I’m thankful for my friends, who will listen to me recreate my holiday adventures, good and bad, even though they surely have more interesting things to do….

And I’m thankful for butchered traditions….

I’m thankful for every stupid argument, every moment of stressful cooking, every dirty dish, every glass of cheap wine, and every fleeting glimpse of genuine holiday bliss in someone’s eye…

I hope you are having an amazing holiday. Be safe and remember that, even the most dysfunctional, unmusical, irritating moments you share with your loved ones are, most importantly, moments you share with your loved ones.
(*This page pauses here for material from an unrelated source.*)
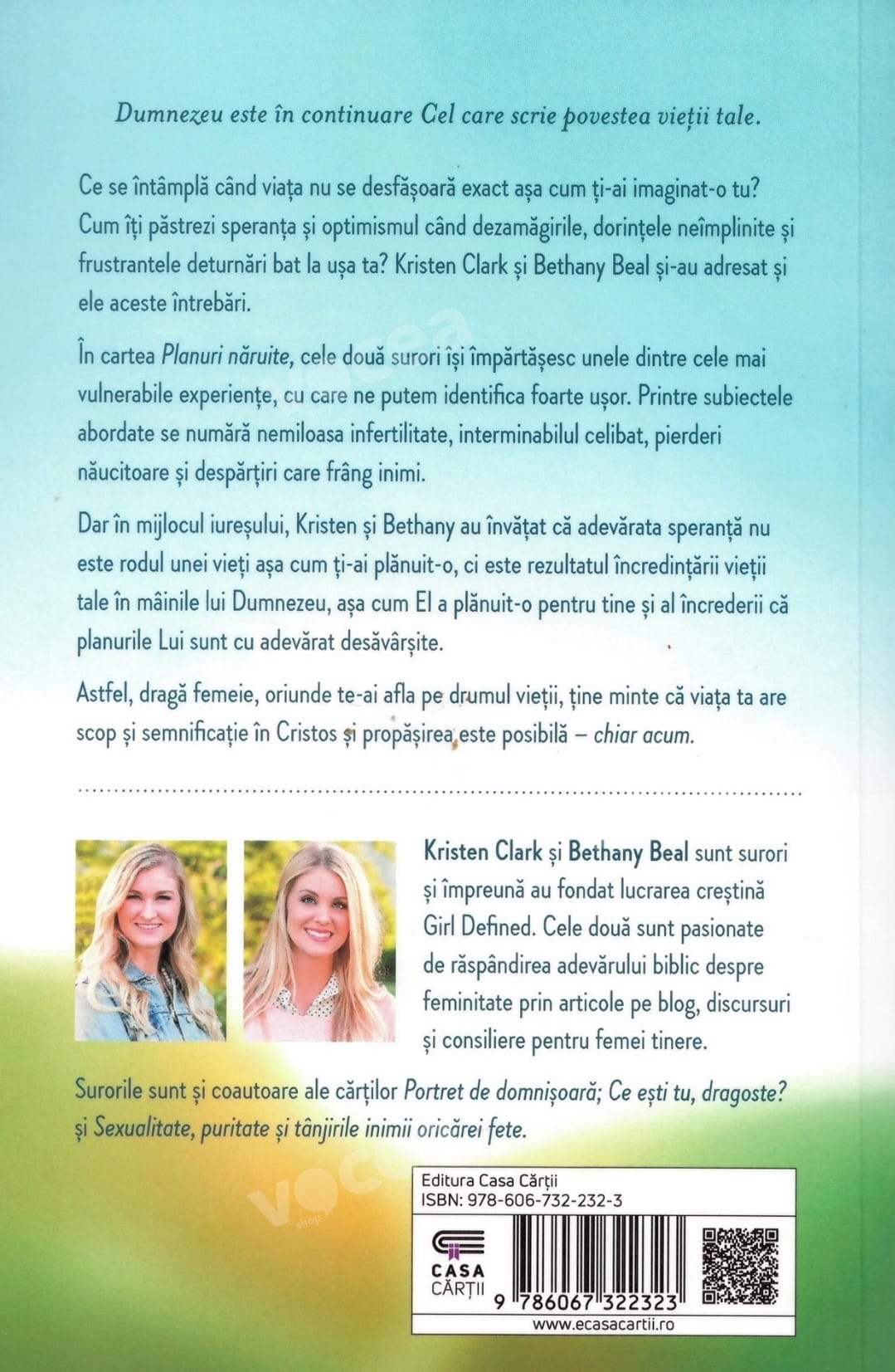 Cum îți păstrezi speranța și optimismul când dezamăgirile, dorințele neîmplinite și frustrantele deturnări bat la ușa ta? Kristen Clark și Bethany Beal și-au adresat și ele aceste întrebări. Surorile sunt și coautoare ale cărților Portret de domnișoară; Ce ești tu, dragoste? și Sexualitate, puritate și tânjirile inimii oricărei fete.

We all have a lot to be thankful for….go celebrate!

1 comment:

  1. This was a great post. I am suprised that no one has yet to comment on it. This reminded me of something my husband and I were talking about last night. We had just left after having dinner at a place we don't often eat at(Steak and Shake). We couldn't help but notice the droves of unhealthy people wearing terrible sportswear with unkempt hair and their need to continue their legacy of laziness by pumping out multiple screaming "tater tot" children which were packed in the establishment.

    My husband and I laughed about them and made clever little jokes in the car. He said "I understand why John Waters makes these movies about gross people and the disgusting sex that they have. Sex is disgusting when you actually think about it!" This lead us to another, more important epiphany.

    We need people like this. If they didn't exist, what would we make fun of? Who could we learn from? Life would be pretty dull. I hate these people and everything they stand for, but at the same time I love them because they color the world around me.

    Your family has its quirks and its flaws, but they do make life more interesting for you. Most importantly, they make you who you are, a wonderful, bright, fabulous person! Love it, girl!